◆ INPUT RECORDS
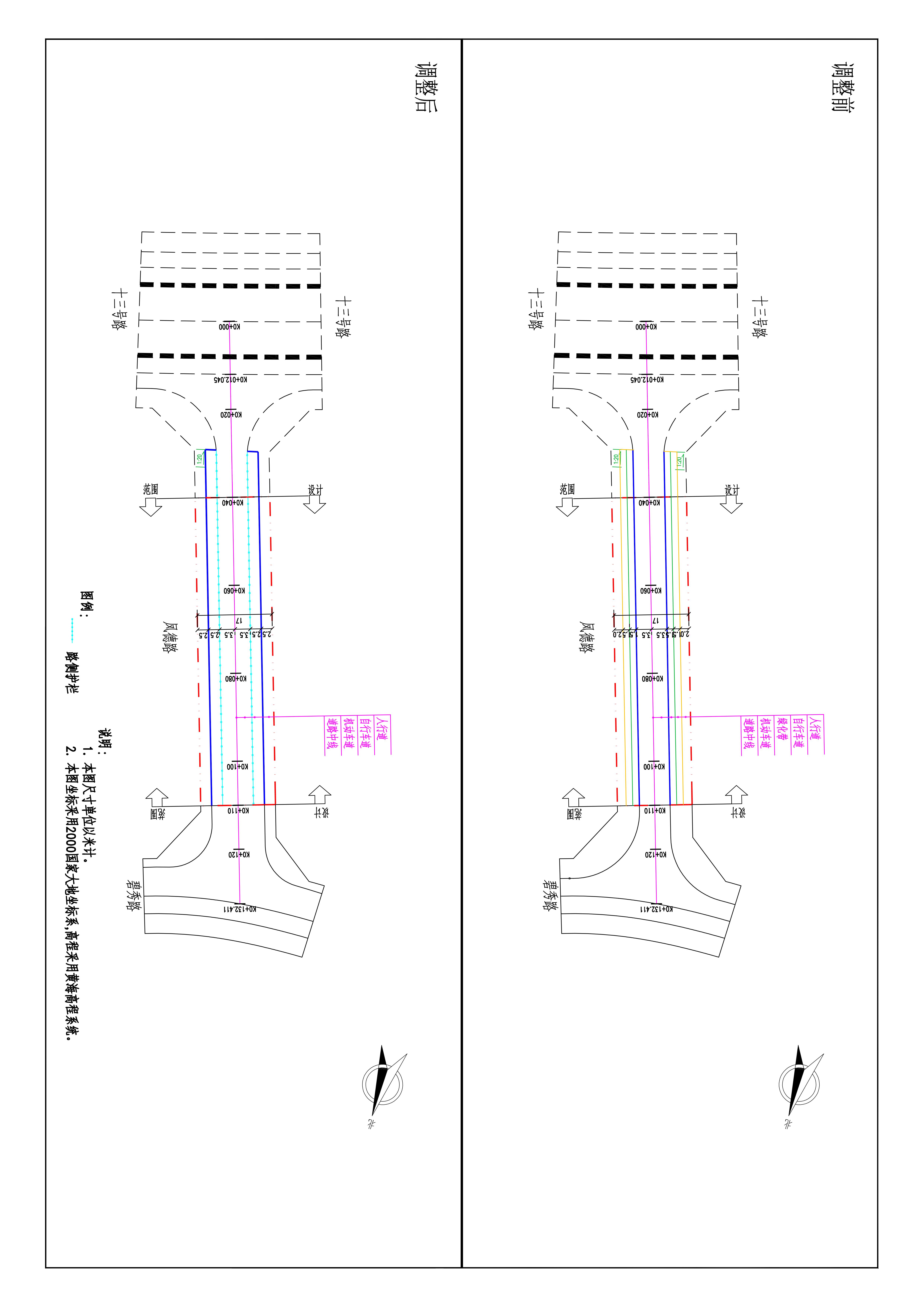 1.调整前道路设计横断面:2.0m(人行道)+1.5m(自行车道)+1.5m(绿化带)+3.5m(车行道)+3.5m(车行道)+1.5m(绿化带)+1.5m(自行车道)+2.0m(人行道)=17m。
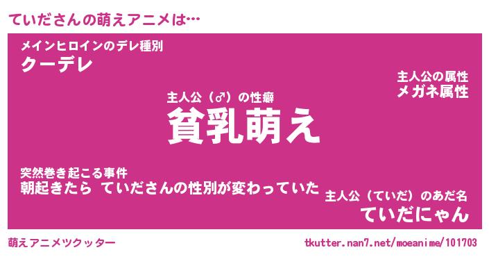 | 男性向けラノベタイトル風あだ名 | 『ていだの憂鬱』 |
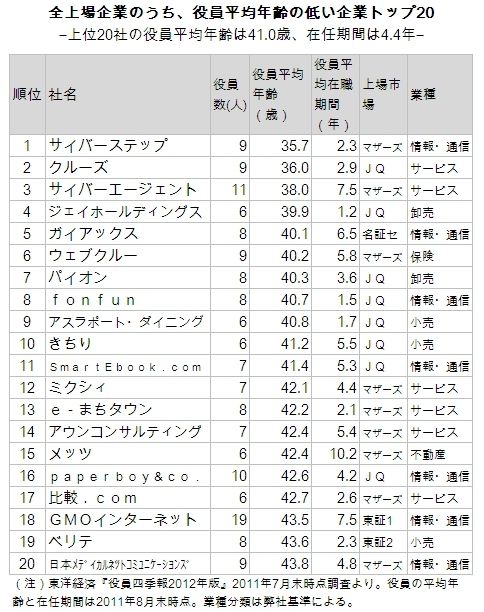 全上場企業のうち、役員平均年齢の低い会社を見ると、1位はオンラインゲーム開発大手、サイバーステップの35.7歳だ。3位にはインターネット広告、ゲームや交流サイトの運営などを行うサイバーエージェントの38.0歳などインターネットビジネス関連が目立つ(「全上場企業のうち、役員平均年齢の低い企業トップ20」参照)。
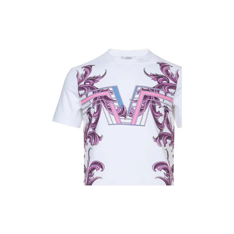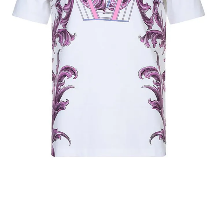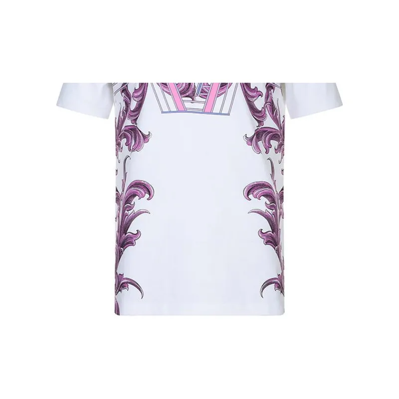 VERSACE Растение Узор Принт Круглый вырез Пуловер Короткий рукав Т-Рубашка Мужская Белая
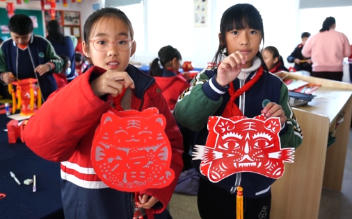 曹村鎮(zhèn)學校曼妙燈彩課程指導老師李仁秋說:“做一個虎年主題的燈彩,來迎接中國傳統(tǒng)的春節(jié),也感受下中國傳統(tǒng)的文化?!?/p>
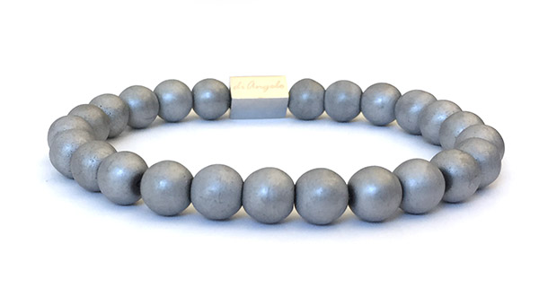 Natural Gemstone Matte Hematite Bracelet beads with a diameter of 8 mm, combined with 1 scratch free stainless steel “diAngelo” logo anchor bead 11 x 6 mm.
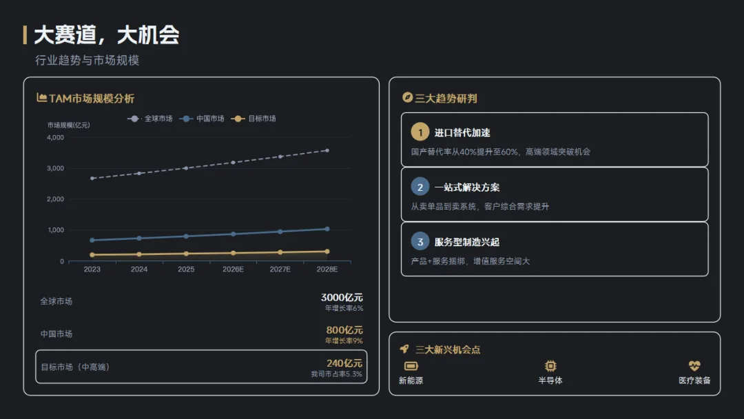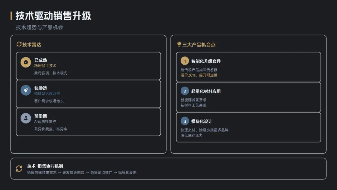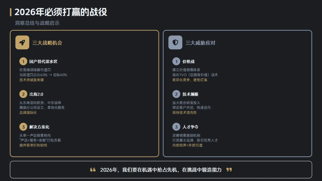 技术-销售协同机制:销售前端收集需求 → 研发快速响应 → 销售试点推广 → 规模化复制。基于以上洞察,我们识别出三大战略机会和三大威胁应对:- 国产替代深水区:在高端领域替代进口,当前进口占比60%,我们的目标是将其降至40%,技术突破是关键。

◆ EXERCISE AIM
Would you write out all of the data exactly as it stands, without the pictures?

◆ EXPECTED OUTPUT
 1.调整前道路设计横断面:2.0m(人行道)+1.5m(自行车道)+1.5m(绿化带)+3.5m(车行道)+3.5m(车行道)+1.5m(绿化带)+1.5m(自行车道)+2.0m(人行道)=17m。
 | 男性向けラノベタイトル風あだ名 | 『ていだの憂鬱』 |
 全上場企業のうち、役員平均年齢の低い会社を見ると、1位はオンラインゲーム開発大手、サイバーステップの35.7歳だ。3位にはインターネット広告、ゲームや交流サイトの運営などを行うサイバーエージェントの38.0歳などインターネットビジネス関連が目立つ(「全上場企業のうち、役員平均年齢の低い企業トップ20」参照)。
 VERSACE Растение Узор Принт Круглый вырез Пуловер Короткий рукав Т-Рубашка Мужская Белая
 曹村鎮(zhèn)學校曼妙燈彩課程指導老師李仁秋說:“做一個虎年主題的燈彩,來迎接中國傳統(tǒng)的春節(jié),也感受下中國傳統(tǒng)的文化?!?/p>
 Natural Gemstone Matte Hematite Bracelet beads with a diameter of 8 mm, combined with 1 scratch free stainless steel “diAngelo” logo anchor bead 11 x 6 mm.
 技术-销售协同机制:销售前端收集需求 → 研发快速响应 → 销售试点推广 → 规模化复制。基于以上洞察,我们识别出三大战略机会和三大威胁应对:- 国产替代深水区:在高端领域替代进口,当前进口占比60%,我们的目标是将其降至40%,技术突破是关键。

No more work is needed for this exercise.